Kongerud J, Søyseth V, Johansen B
Dept of Thoracic Medicine, National Hospital of Norway, University Hospital, Rikshospitalet, Oslo.
Eur Respir J. 1989 Jul;2(7):681-4.
Standardization of the solute output from the Wright nebulizer is necessary in nonspecific bronchial challenge to obtain reproducible results. Airflow and driving pressure are known determinants of the output. In an epidemiological study, in which day-to-day variations in room temperature occurred, we found the reproducibility of the output from a Wright nebulizer to be outside the range of acceptance. We have, therefore, examined to what extent ambient temperature and humidity might influence the output from three Wright nebulizers. The solute output was linearly correlated not only to flow (r = 0.98) and driving pressure (r = 0.90) but also to room temperature (r = 0.96). The mean output increased approximately 23% when room temperature was increased from 19 to 24 degrees C. This is equivalent to an increase in airflow of more than one litre. Ambient humidity did not influence the nebulizer output. When temperature was included in the calibration procedure, the coefficient of variation of the output decreased from 5 to 2%. This emphasizes the need for calibration of the Wright nebulizer with regard to ambient temperature as well as to airflow and pressure, especially in epidemiological field studies in which large variations of temperature are likely to occur.

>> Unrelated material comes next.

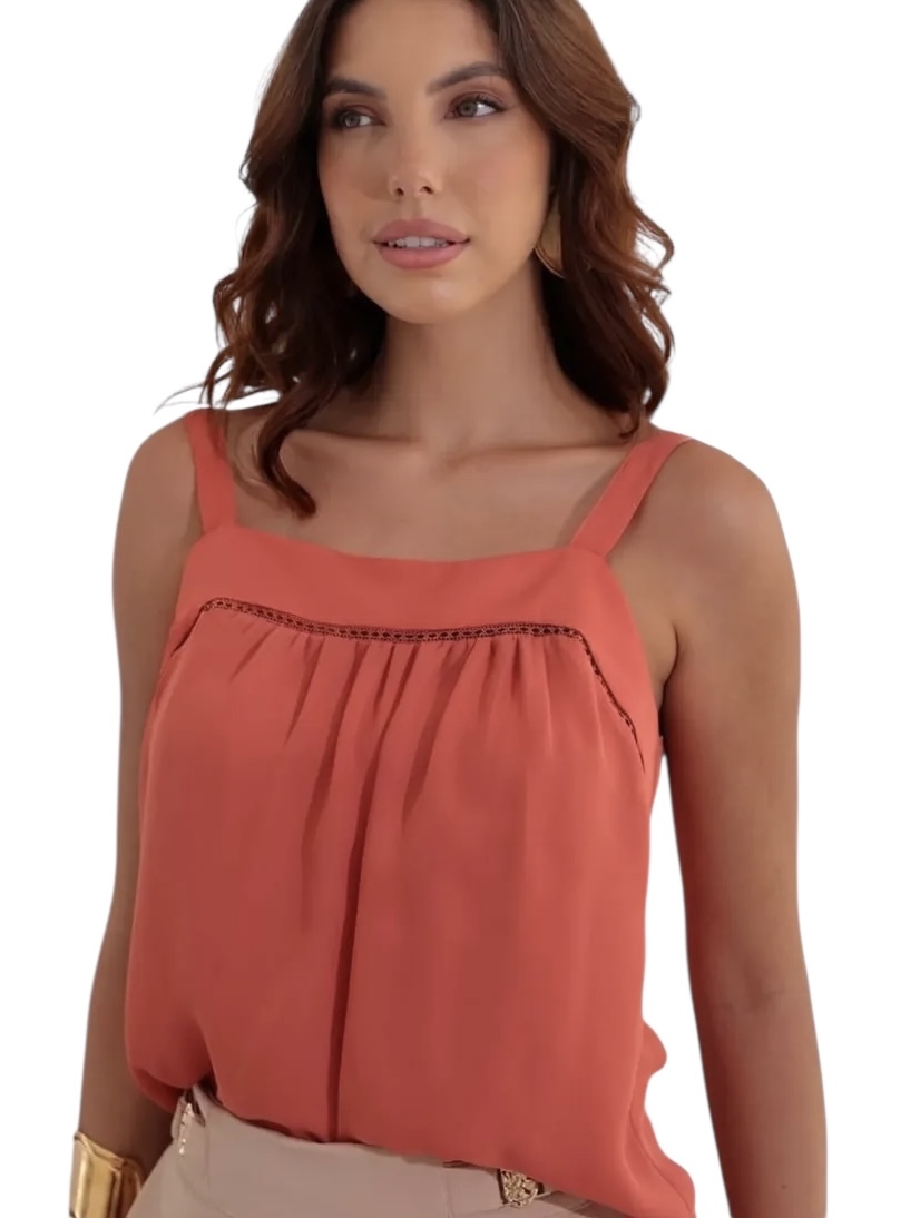 Blusa Alça Renda Colo Crepe

在非特异性支气管激发试验中,对赖特雾化器的溶质输出进行标准化对于获得可重复的结果是必要的。气流和驱动压力是已知的输出决定因素。在一项流行病学研究中,室温存在每日变化,我们发现赖特雾化器输出的可重复性超出了可接受范围。因此,我们研究了环境温度和湿度可能在多大程度上影响三台赖特雾化器的输出。溶质输出不仅与流量(r = 0.98)和驱动压力(r = 0.90)呈线性相关,还与室温(r = 0.96)呈线性相关。当室温从19摄氏度升高到24摄氏度时,平均输出增加了约23%。这相当于气流增加了一升以上。环境湿度不影响雾化器输出。在校准程序中纳入温度后,输出的变异系数从5%降至2%。这强调了对赖特雾化器进行环境温度以及气流和压力校准的必要性,特别是在可能出现较大温度变化的流行病学现场研究中。